HIV testing was conducted via enzyme immunoassay. Tuberculin skin testing (TST) was performed by Mantoux method (5 tuberculin units, Tubersol) and size of induration was read 48–72 hours later with digital calipers, recorded in millimeters. A positive TST was defined as an induration of ≥10 mm if the individual was aged ≥5 years and HIV negative, or ≥5 mm if the person was HIV positive or was <5 years of age due to contact with an active tuberculosis case.
Clinical diagnosis was based on positive Mycobacterium tuberculosis culture from at least 1 site, or at least 2 of the following in the context of a positive response to tuberculosis therapy: (1) symptoms of tuberculosis including fever, cough for >2 weeks, and weight loss; (2) a positive TST; (3) chest radiography consistent with active tuberculosis; or (4) failure to respond to empiric antibiotics in 2 weeks. Cases of suspected tuberculosis were reviewed by a study outcome committee consisting of at least 2 clinicians, and classified according to American Thoracic Society definitions of definite, probable, possible, and unlikely tuberculosis [15]. Definite cases were those with either (1) a positive culture with radiographic evidence; (2) positive molecular diagnosis of tuberculosis with signs/symptoms, suggestive chest radiography, or positive smear; or (3) ≥2 separate positive cultures. Probable cases were those with a positive culture but no radiographic evidence, with ≥2 of the following: clinical symptoms, positive smear, or response to active therapy.

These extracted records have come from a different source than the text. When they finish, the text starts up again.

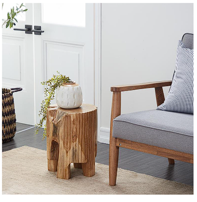BROWN TEAK WOOD HANDMADE LIVE EDGE TREE STUMP ACCENT TABLE, 12" X 12" X 16"
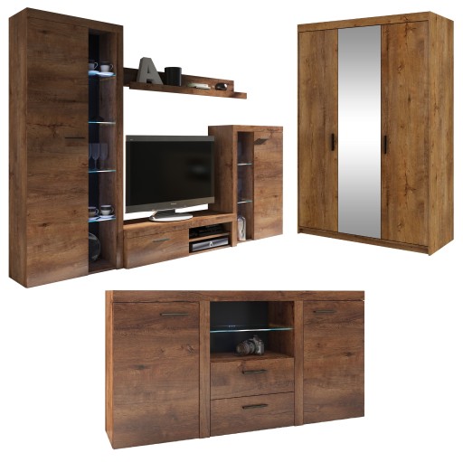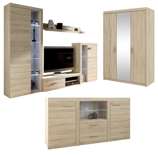 ZESTAW MEBLI RUMI MEBLOŚCIANKA + SZAFA Z LUSTREM + KOMODA DO SALONU POKOJU
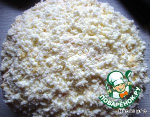 10. Следующий слой – тертый сыр. Я предпочитаю сыр твердых сортов («Голландский», «Костромской», «Пошехонский» и т. д.). Промазываем и этот слой соусом.
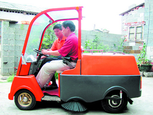 3年來,他們相繼從家中拿出了準(zhǔn)備買新房的近30萬(wàn)元積蓄用于研究。2008年底,經(jīng)過多次改裝和調(diào)試,一輛“摩托掃地車”應(yīng)運(yùn)而生。2009年暑假,第一代小型電動(dòng)清掃車終于問世。
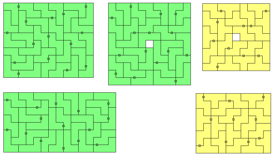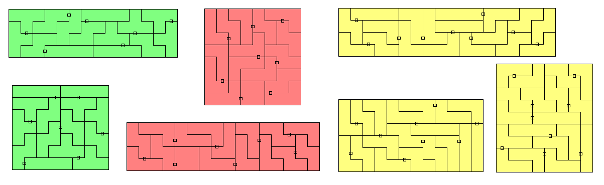 | X | - | X | - | - | 50 | 200 | no rectangles T-tetrominoes are unbalanced under checkerboard coloring |
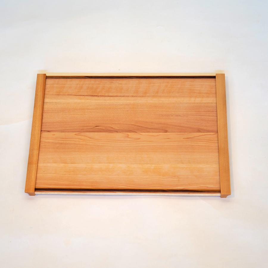 金具を使わない「追い入れ」で仕上げ、持ち手の持ちやすさや立ち上がりの高さ、ちょうど良いサイズ感など、細かな使い心地にもこだわったお膳です。エンジュ材をラインのアクセントに使用しました。
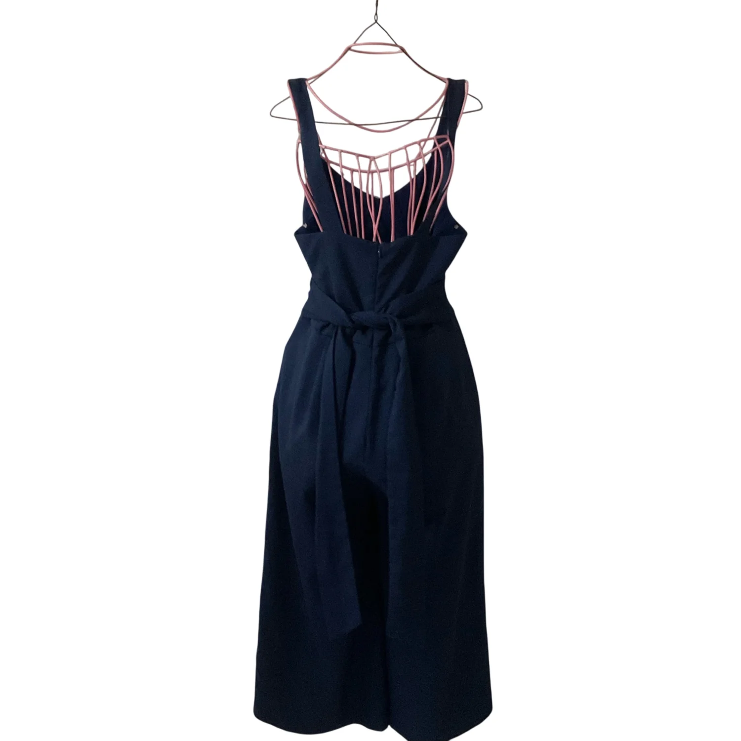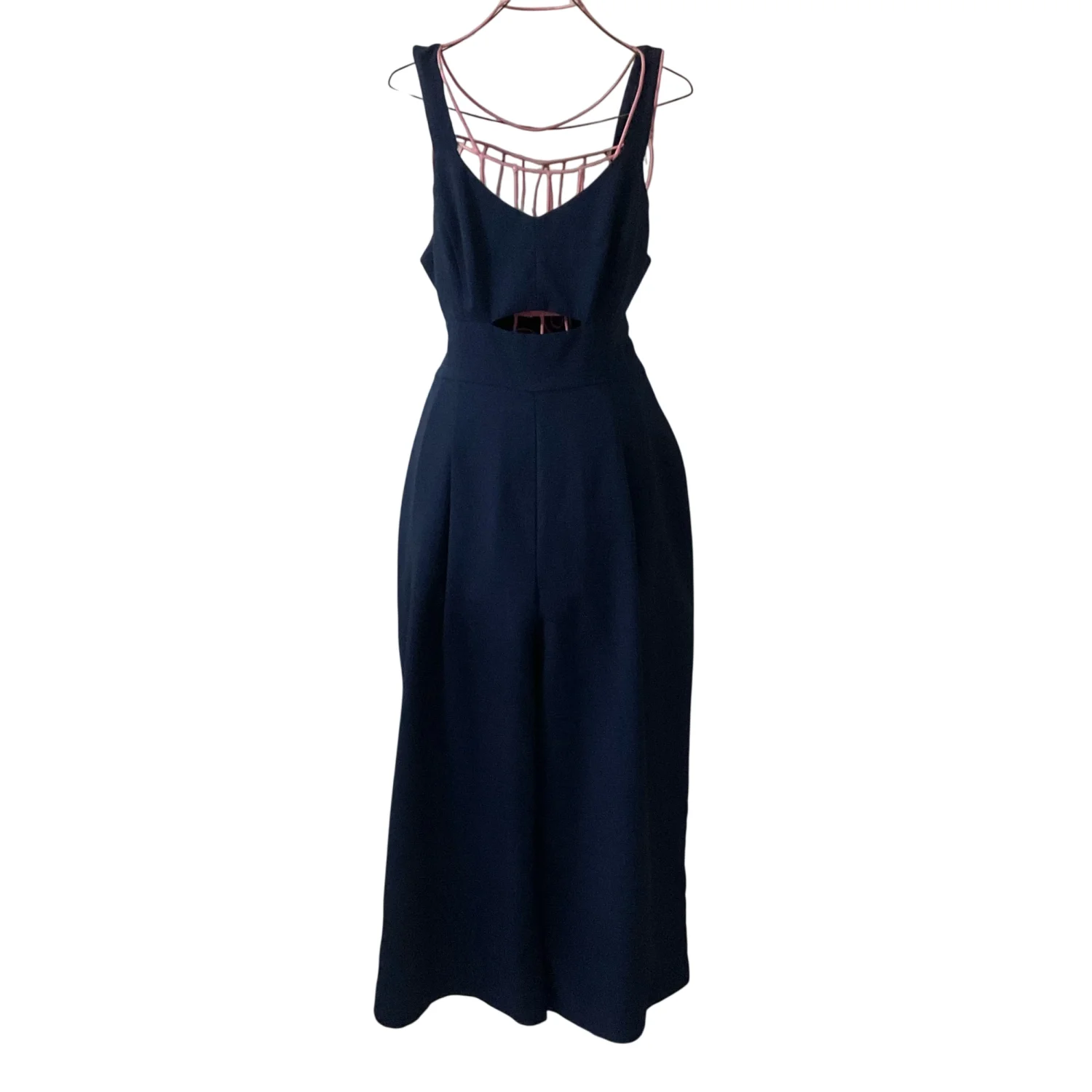 Style Sleeveless tank jumpsuit with cut out in front.side. Adjustable tie belt Color: Navy Size: S Armpit: 13" Rise: 13" Length: 21" Condition: Good Machine wash
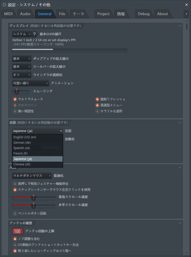 ・「Put undone recordings in the recycle bin'(元に戻した録音をごみ箱に入れる)」 - デフォルトでオンになっています。オフのときには、アンドゥするとすぐに削除されます。
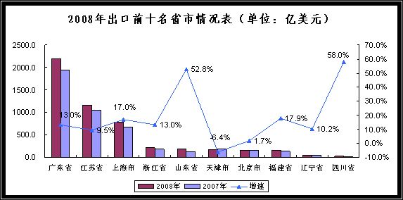 图6 2008年出口前十名地区和国家情况表(单位:亿美元)
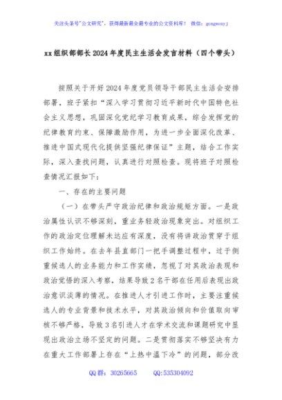 / xx组织部部长2024年度民主生活会发言材料(四个带头)
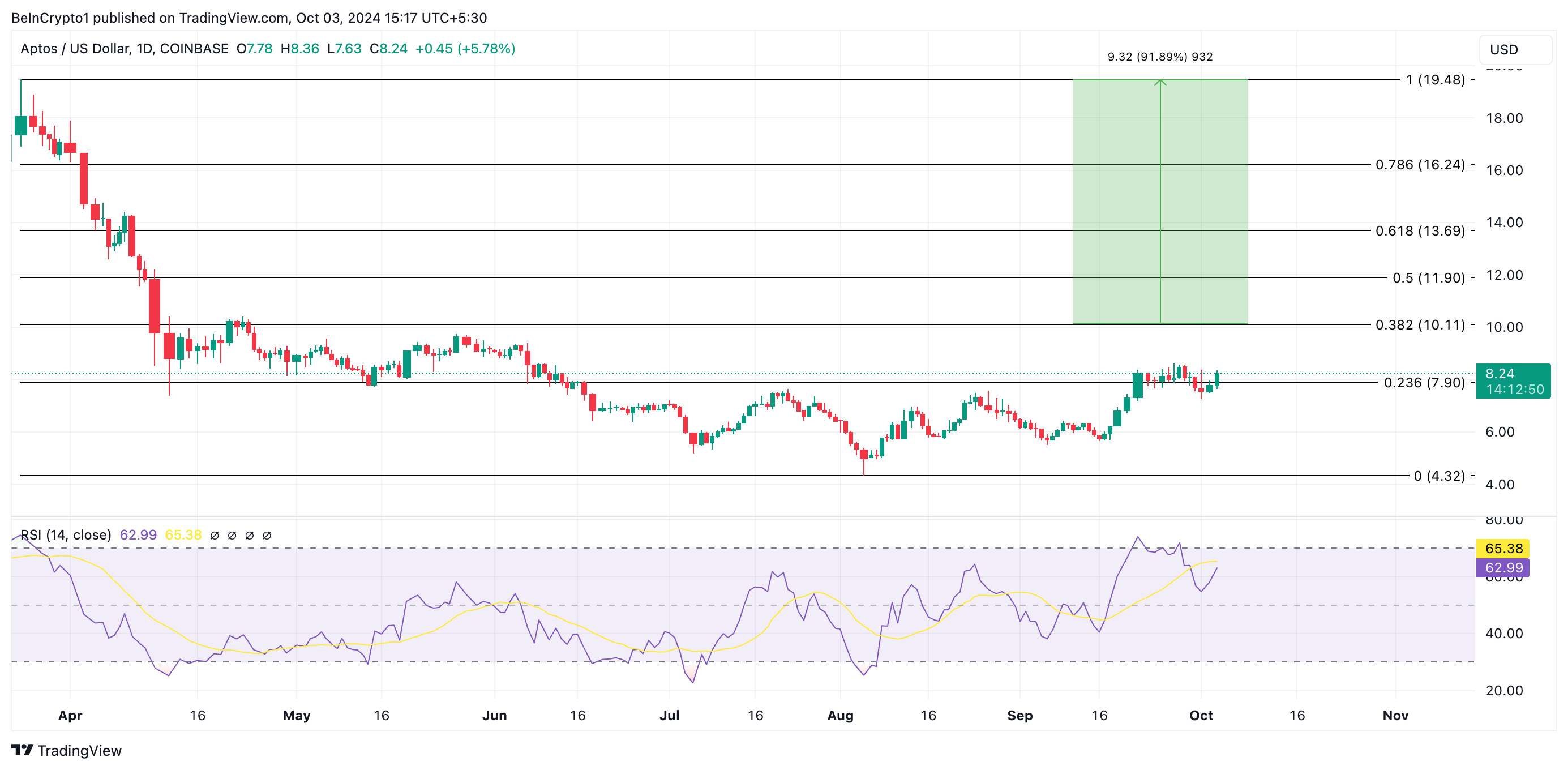 At 62.99, APT’s RSI suggests that buying momentum is high and outweighs profit-taking activity. According to the coin’s Fibonacci Retracement tool, if this trend continues, APT’s next target is $10.11, a high it last reached in April. If it breaches this crucial resistance level, it may chart its course toward $19.48.
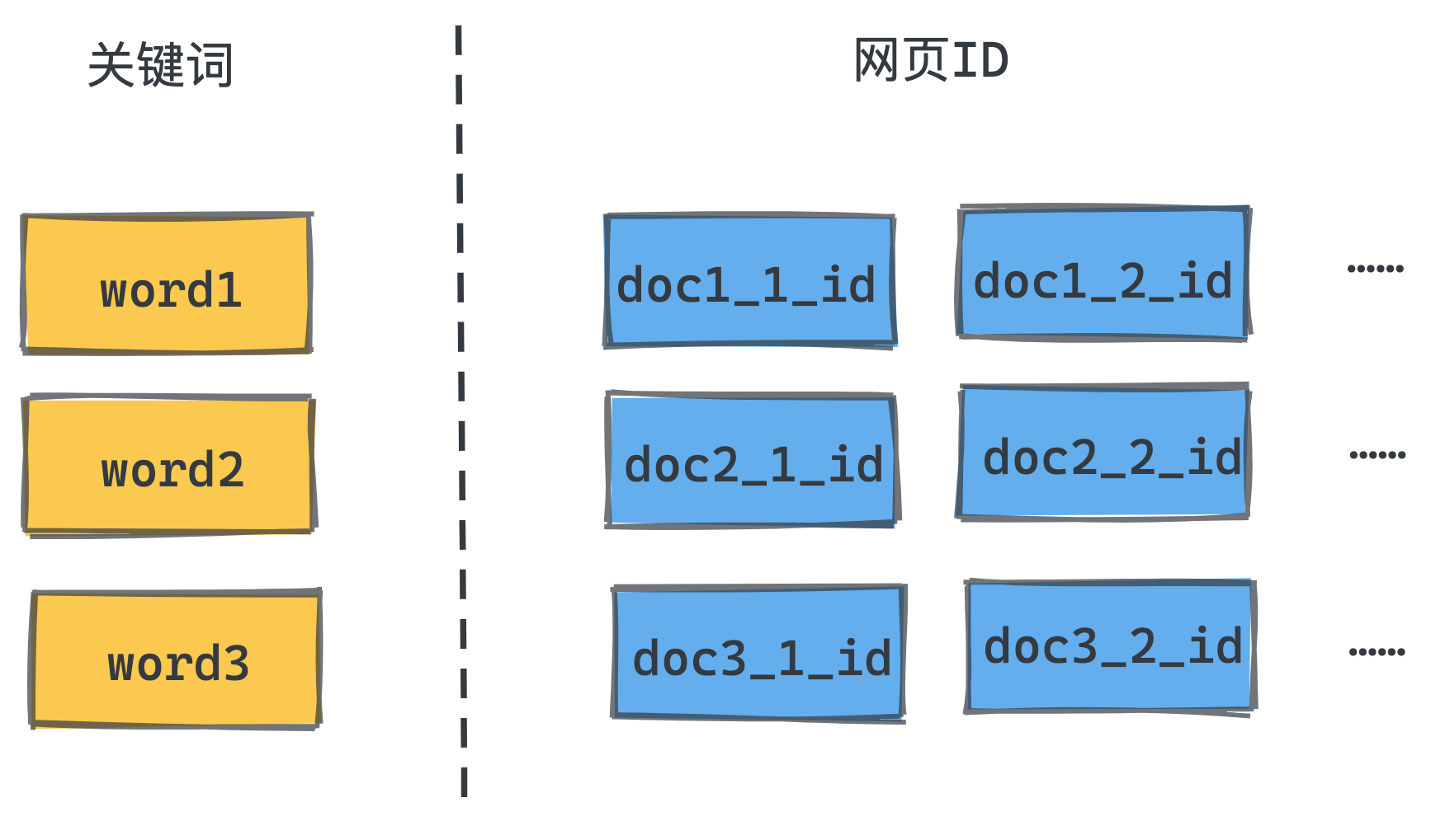 解决方式就是用空间换时间,在搜索引擎中引入倒排索引,提前预处理存储的全部数据,整理出每个单词到网页ID的映射关系,并记录下来;这样我们就可以得到单词到倒排列表的映射,从而快速查询关键词匹配的网页。有了倒排索引后,我们也很容易对多个关键词做与查询。
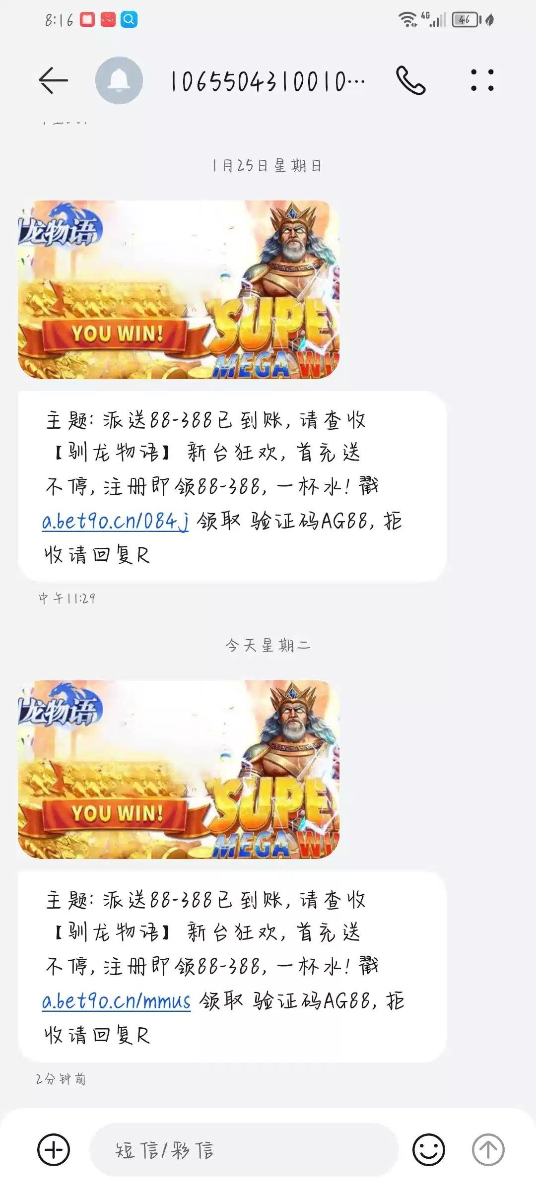 给我发了三次短信刚才拿短信图片去问客服就让我注册 报手机号码之后就给了 给了38 要打5倍流水 只能提现200
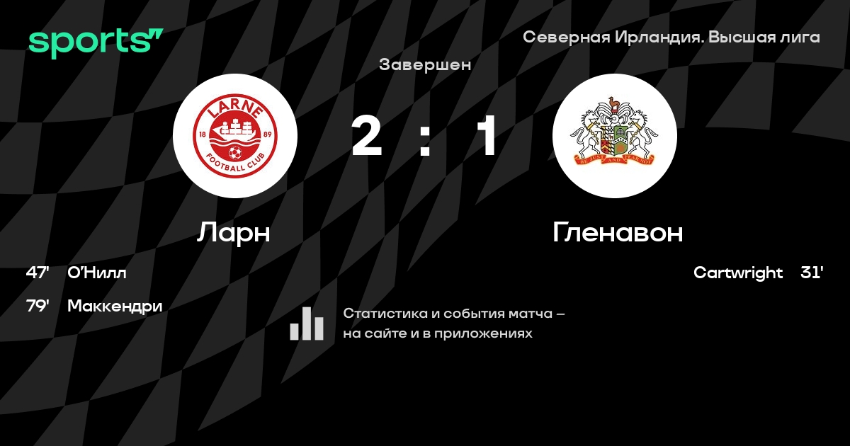 Результат прошлой игры в турнире «Премьер-лига»: Ларн – Портадаун 3:0. После 13 туров Ларн набирает 29 очков и занимает 2 место в турнире. Лучший бомбардир команды – T. O'Connor: он забил 7 в 19 матчах. Ларн не проигрывает в 4 последних матчах в рамках турнира «Премьер-лига». В 4 последних матчах в турнире «Премьер-лига» Ларн обязательно забивает. В последних 5 играх Ларн забивает 10 голов. В последних 5 играх Ларн пропускает 2 голов.
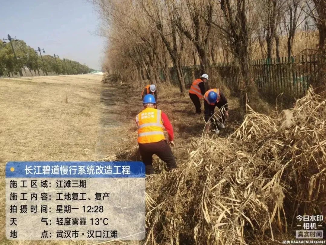 ? ? ? ?1月28號,碼頭旁機械正在進行平整施工,截至今日項目按計劃推進,正在開展綠化地形修整、植草邊溝放線開挖、排水管道施工、廣場路床修整等施工作業。目前本項目已完成生態區的防洪林采伐1546余棵,地表清理約7萬平米,綠化地形修整約2萬平米,護岸臺階基礎3900平米,雨水管道200m,園路路床及基層2600平米。
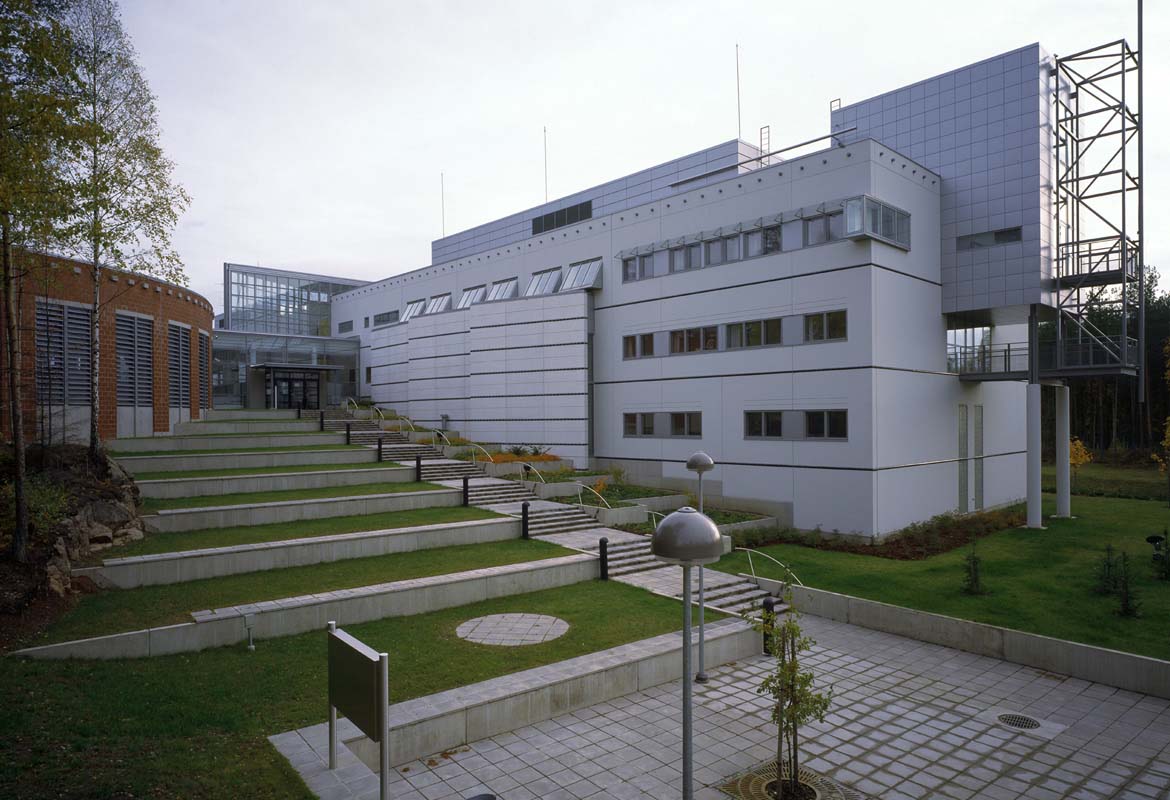 The site is split into 2 parts, one containing the teaching facilities and residential buildings to the west along Tieteenkatu and the other to the east containing the training tracks and drill grounds. The western area of the site is oriented around a park like depression in the centre. The new halls of residence form an arc following the contours of the hill to the north east.
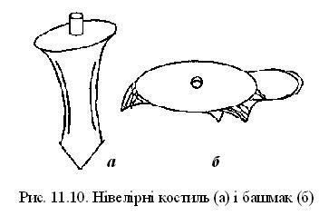 При нівелюванні рейки встановлюють на кілки, металічні костилі або башмаки. Нівелірні башмаки являють собою металічні злитки (рис. 9) у вигляді пластинок зі сферичними головками посередині. Під час нівелювання, попередньо знявши дерн, башмаки кладуть на ґрунт і встановлюють на них рейки п’яткою донизу.
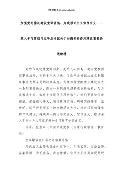 【七哥公文】2025年:【七哥公文】加强党的作风建设党课讲稿:力戒形式主义官僚主义——深入学习贯彻习近平总书记关于加强党的作风建设重要论述精神+更多免费公文+VX:QiGeGongWen2024+更多免费公文+VX:QiGeGongWen2024

Isoniazid (10–20 mg/kg or a maximum dose of 300 mg/day) prophylaxis for 9 months was offered to all child contacts aged <5 years, all HIV-infected contacts, and to children who were TST positive at enrollment or converted during the study period. Adherence was evaluated at follow-up visits via self-report (if an older child) or by the caretaker, and defined as completion of at least 180 daily doses in the 9 months. Child contacts clinically diagnosed with tuberculosis disease received daily isoniazid (10–20 mg/kg, maximum 300 mg), rifampin (10–20 mg/kg, maximum 600 mg), and pyrazinamide (15–30 mg/kg, maximum 2 g) for 2 months followed by daily isoniazid and rifampin for 4 months.
Analytical Strategy
Household contacts aged <15 years were included for analysis. Exclusion criteria were children who did not complete baseline evaluation or did not have at least 1 follow-up visit. The primary outcome of our analysis was a child contact classified with definite or probable active tuberculosis.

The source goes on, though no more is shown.